Buddhist practices, specifically ancestral memorialization, have directly influenced the death rites and rituals performed for pets in Japan. However, "there are no scriptures specifically for animals, let alone pets" in Buddhist doctrine. Thus, memorialization of pets is left open to diverse interpretation. One central disagreement among spiritualists revolves around the Buddhist cycle of rebirth. Some individuals claim that it is indeed possible, through proper care during life and correct memorialization after death, for a beloved pet to eventually be reborn as a fellow human, thus making enlightenment achievable. Others feel that pets are only capable of being reborn as pets. Often, Buddhist clerics tend to allow families to decide for themselves what process they would like to follow. As different temples interpret the rites in different ways, they often combine various elements or omit some entirely.

Over the last few decades, pet cemeteries have increased in popularity, particularly within crowded urban areas. In rural areas, many pets are buried directly in the ground "in the hills outside the village, creating a harmony between the decay of the pet’s body and the fading away of memories and grief". In more urban, metropolitan areas, pet owners generally choose cremation for their lost companions. They can then choose to inter the ashes in individual or communal graves, or display the remains in columbaria On occasion, pet owners request to be buried with their deceased pets, and some choose to conduct the rites just as they would be conducted for a human. However, most "actual practices reinforce boundaries that place pets in a marginal position and delineate their liminal status within human society". In contrast with the traditional folk beliefs, the majority of pet owners no longer believe that the spirits of their deceased pets will cause them harm as a result of their choice of memorialization. Moreover, the rites and rituals serve as a means of easing the grief and loss of the living. As a result, "the significance of animal funerals in Japan has shifted from prayer for the animal soul to a way of expressing grief by the pet owner". Deceased pets are now more commonly remembered as members of the family, and are often memorialized at the family altar and become a part of the family's ancestry.

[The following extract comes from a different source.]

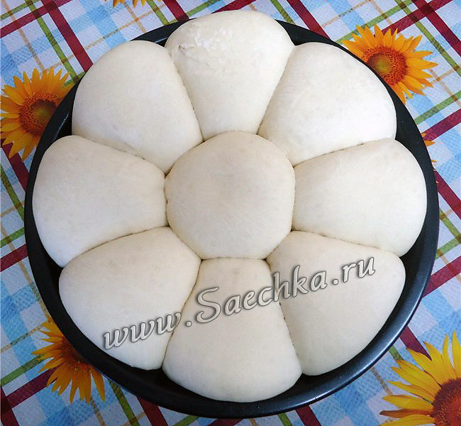 - Форму смазать маслом, выложить в форму в виде ромашки.

In contemporary society, elements of Western thought and Christianity have also become interwoven into burial practices of deceased pets. One example of this influence is found in the image of a "Rainbow Bridge", a concept very much like the Western ideal of heaven. The Rainbow Bridge is described as a utopian space where the deceased pet's spirit remains until the death of their owner, at which time both spirits travel together into the realm of heaven. This concept further emphasizes the growing familial connection between pets and their owners in contemporary Japan.